While researching for this column, which focused on religious life on campus, I met people I never knew before, and learned about people I already knew. It was as if everyone's private religious lives were suddenly open to me, and all I had to do was ask.
But that's the thing: People just aren't usually asking.
A panel discussion titled "Called to Kill? Rethinking Violence in Christianity, Islam and Judaism," featuring Dean of the Chapel Sam Wells, Muslim Chaplain Abdullah Antepli and Rabbi Michael Goldman was so crowded I had to sit on the floor at the back. In a particularly significant moment on the panel, each was asked what a common misconception about his faith was.
One misconception offered was that God hasn't done enough and that we must finish the job. Though it doesn't really matter which faith leader said it, it was Dean Wells. That one response encapsulated so much of history, including the present, that I haven't been able to shake it all semester.
Moments like that remind me of the gravity of these issues. But I am also reminded that we are fortunate enough to have panels devoted to constructive dialogue that acknowledge realities and genuinely search for solutions.
Watching Christian, Muslim and Jewish leaders sitting side by side participating in a discussion on violence in each of their faith's history, I couldn't help but be appreciative of this university's commitment to open academic discussion.
And it seems when I wasn't at lectures, I was at religious services. I realized early on that attending another faith's religious events is not at all like taking a course about it. Gone is the academic barrier, absent are the readings and the tests that structure learning. This was all real.
I sat inside the Duke Chapel for the second time since convocation, this time without a large column blocking my view, and listened to Father Joe Vetter speak about the importance of faith during difficult economic times. The economy was a consistent theme throughout the different services, with the general message being that fulfillment is not found through wealth or possessions.
Most importantly, I stayed during the awkward parts: When a Muslim imam spoke of gross injustices towards Palestinian Arabs in Gaza, when I waited in the line with students receiving communion at Mass and as a Shabbat service flew by in Hebrew.
I began this journey surprisingly na've about what I was getting myself into. Religion plays a role in some harsh realities, and I don't think I fully considered that. Yet I had to put myself in those situations to realize the magnitude of religion, even on this very campus.
I said in the beginning that I didn't want to save you. I still don't. All I wanted was to show that religions are alive on campus and that you didn't need to be a believer to read about it.
And now, as I slowly get ready to graduate, I realize my reflections on my time here at Duke have changed as a result of this experience. To me, a recently spray-painted swastika on East Campus means that we are a more ignorant campus than we think we are.

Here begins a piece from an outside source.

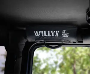 - Description: One Side Window Visor for driver or passenger side. Velcro attachment to Sport Bar, flips up out of the way when not needed. Designed to function with optional Grab Handle. Black with Willys and 4 Wheel Drive logos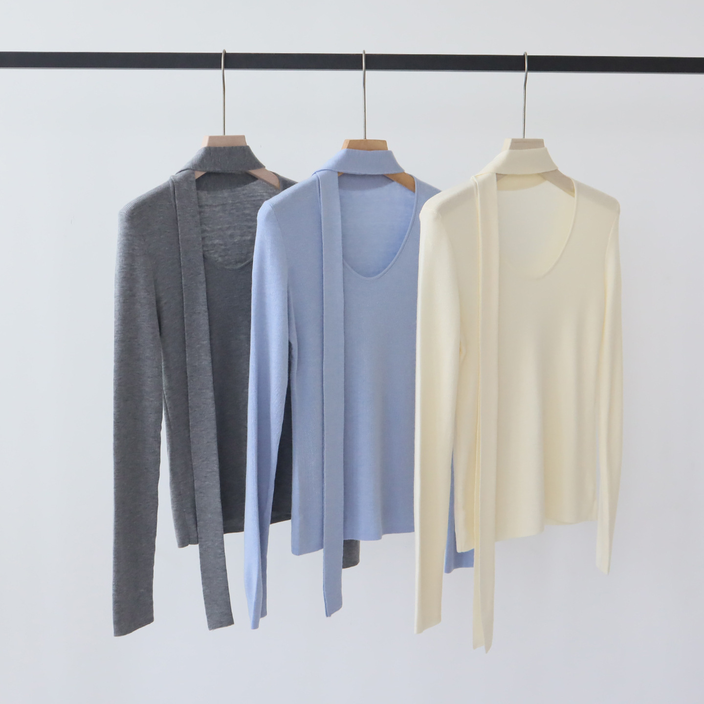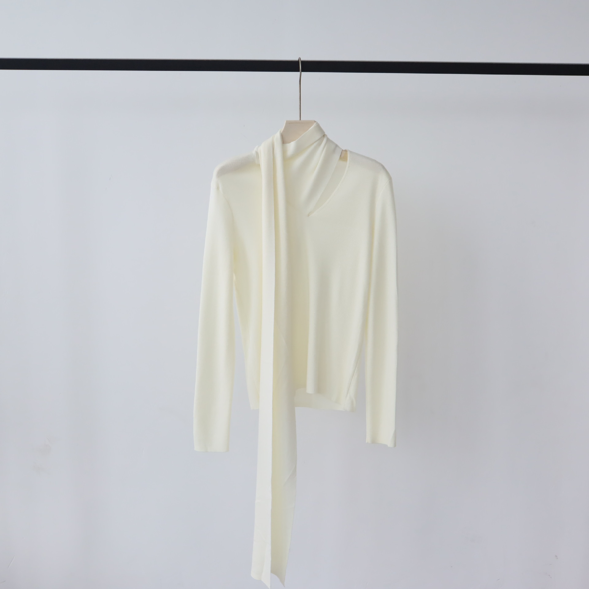 十三行女装早秋穿搭高级感羊毛混纺针织衫设计感飘带围巾领上衣女

I'm reminded of the anti-Israel messages I saw scrawled on the East Campus bridge when I visited Duke during my senior year of high school, and I wonder if things have really changed since then. For all the panels and lectures promoting respectful dialogue, maybe the message isn't reaching everyone.
I wonder about the world we are graduating into, but, and forgive the expression, I have faith. I have faith that people like Antepli are more than just panelists and that they have the power to create change on this campus. I have faith that students are actually listening to what goes on around here and aren't afraid to challenge ignorance with dialogue. I have faith that students will continue to question their perspectives.
After all, I did.
Stephanie Butnick is a Trinity senior. This is her last column.